Ceratosuchus

“Horns” seem to have convergently evolved multiple times in crocodiles over the last few million years, including in a couple of living species. These triangular crests are formed from the squamosal bone, just above their ears, and tend to be a sexually dimorphic feature used in territorial displays between males, serving to make them look bigger when they arch their necks.

But there’s another horned crocodilian known from much earlier in the Cenozoic – and this one was an alligator!

Ceratosuchus burdoshi lived in Colorado and Wyoming in the western United States during the late Paleocene and early Eocene, about 57-56 million years ago. It was a fairly small alligator, around 1.7m long (5’6″), with a broad snout featuring sharp teeth at the front and blunter teeth further back – an arrangement that suggests it was a generalist predator eating a variety of small prey, using those teeth to first grab and then crush whatever it managed to catch.

It also had large blade-like osteoderm armor on the back of its neck, which may have been arranged in line with its “horns” to make its visual displays look even spikier.

Voay

Did you know some crocodiles have “horns”?

Formed from the corners of the squamosal bone at the back of their skulls, just above their ears, these structures are seen in living crocs like the Cuban crocodile and the Siamese crocodile, as well as some fossil species.

But perhaps the most impressively-horned croc was Voay robustus here.

Voay lived on the island of Madagascar during the Late Pleistocene and Holocene, between about 100,000 and 2,000 years ago.

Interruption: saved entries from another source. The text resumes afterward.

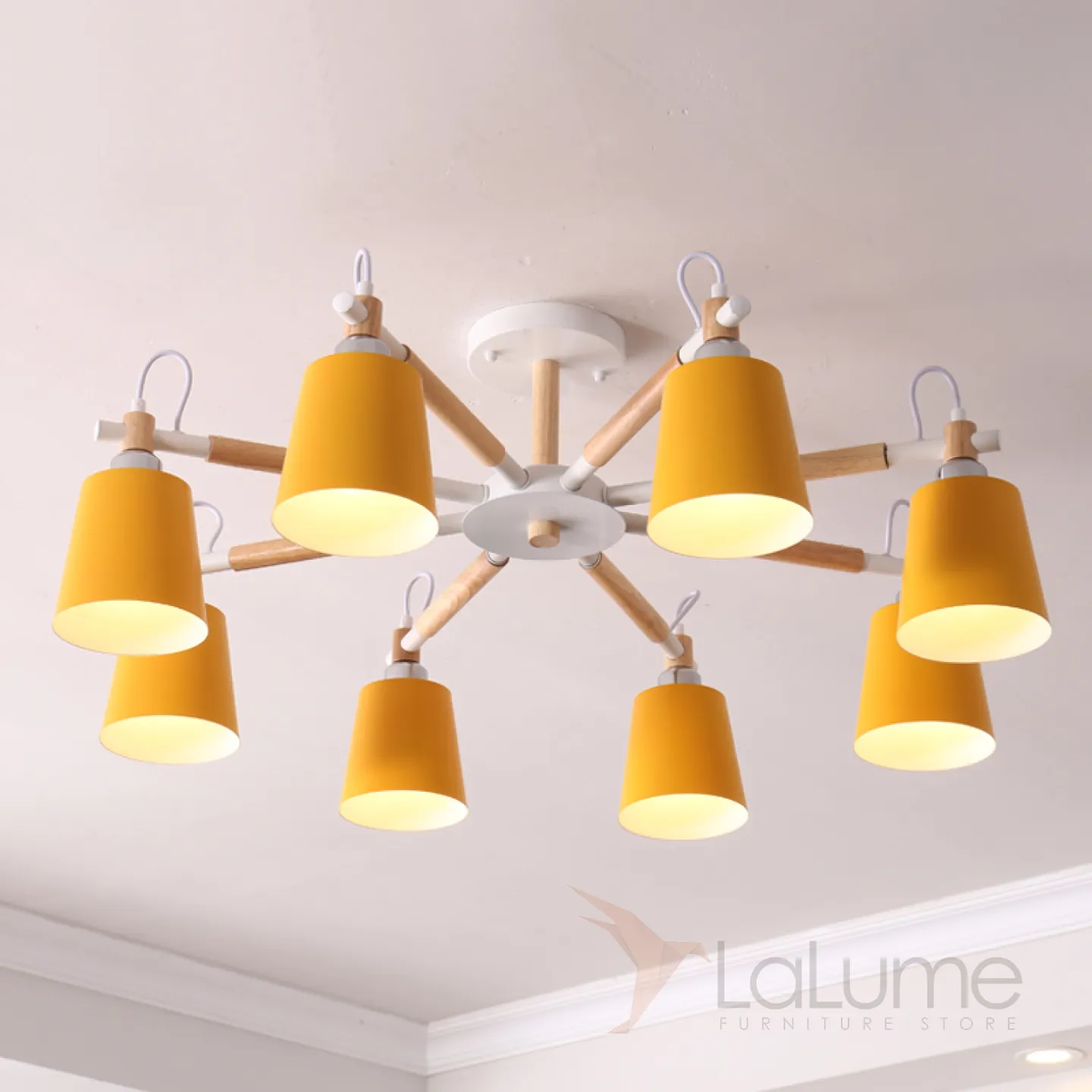 Люстра в скандинавском стиле с разноцветными металлическими плафонами. Стиль и бюджет в полном согласии.
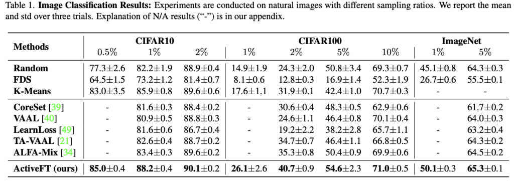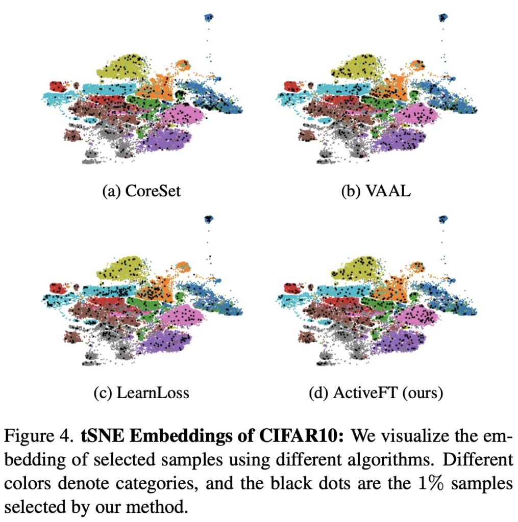 다음으로 CIFAR-10에 대한 피처 시각화 결과를 상단 [그림 4]에서 확인할 수 있습니다. 검은색 점이 바로 각각 다른 방법으로 선택된 1% 샘플인데요. 그 결과는 ActiveFT에서 선택한 샘플이 다른 샘플보다 피처 스페이스에서 전체 풀과 더 유사하게 분포한다는 것을 정성적으로 확인할 수 있었습니다. 이를 통해 저자가 제안하는 최적화 기법이 전체 풀을 반영하는 데에 효과적일 수 있었다 라고 합니다.
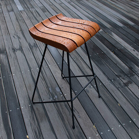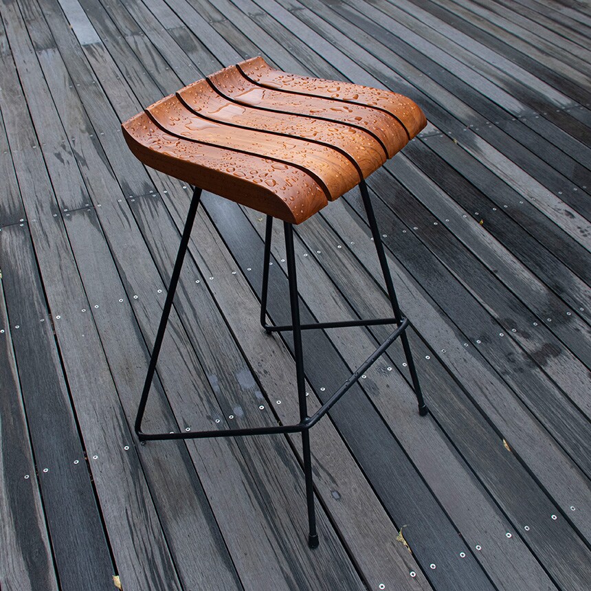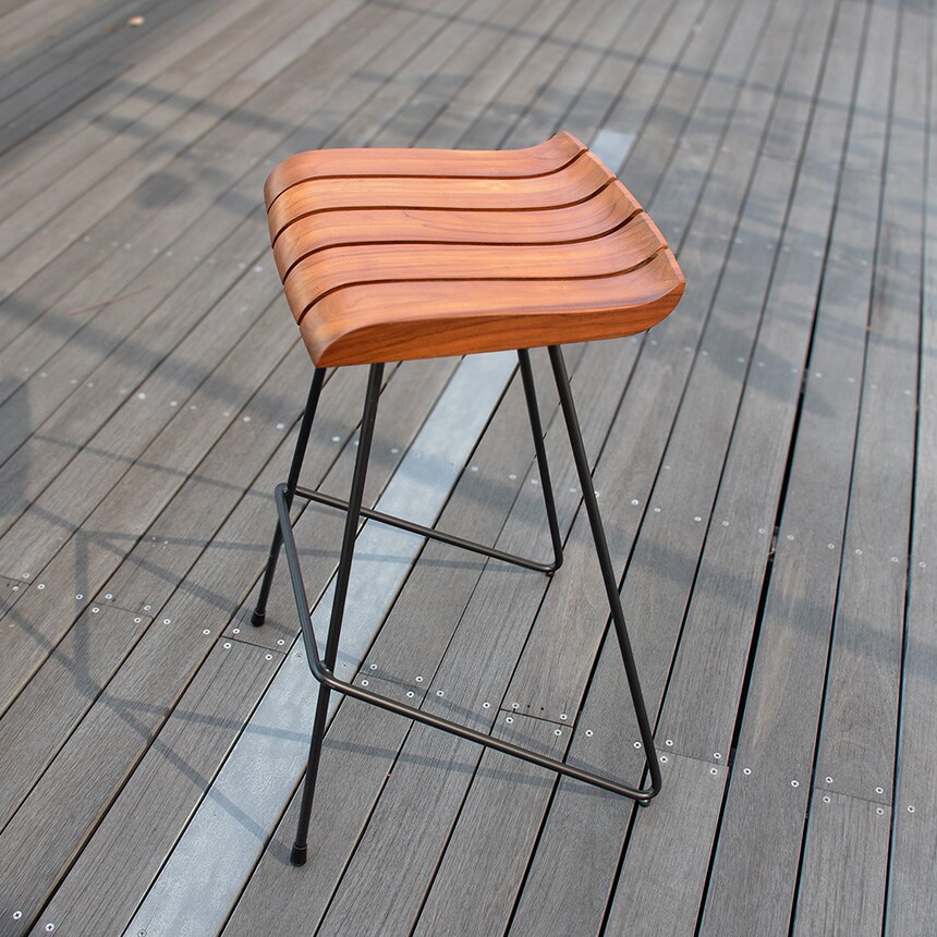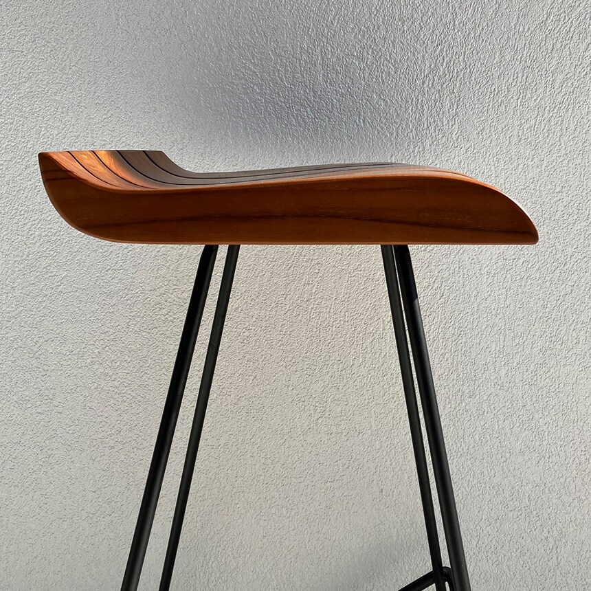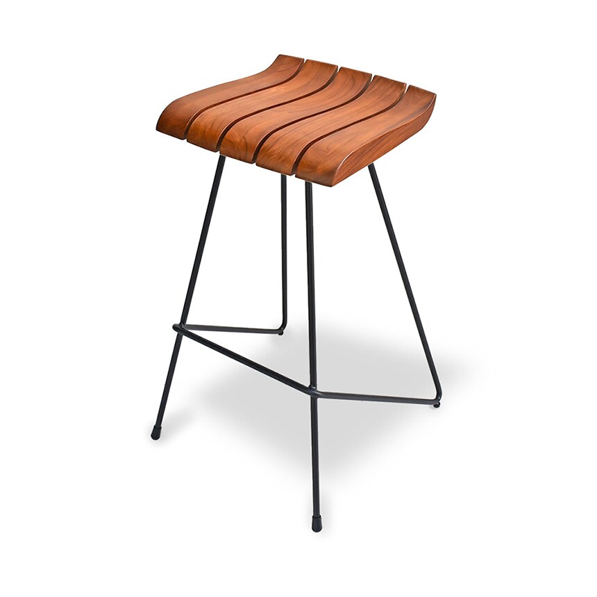 艶感のある天然木のチーク材を使用したインダンストリアルなダイニングスツール。

At about 5m long (16′5″) it was similar in size and build to a large male Nile crocodile – but despite this resemblance its closest living relative is actually the much smaller dwarf crocodile.

It had a fairly short and deep snout and chunky limbs, adaptations associated with a more terrestrial lifestyle that suggest it was specialized for hunting its prey on land rather than just at the water’s edge.

Much like modern horned crocodiles its particularly prominent horns were probably used for territorial displays, and may have been a sexually dimorphic feature with big mature males having the largest examples.

Voay’s disappearance just a couple of thousand years ago may have been the result of the arrival of human settlers on the island, either from being directly hunted or due to the large native species it preyed on also going extinct around the same time.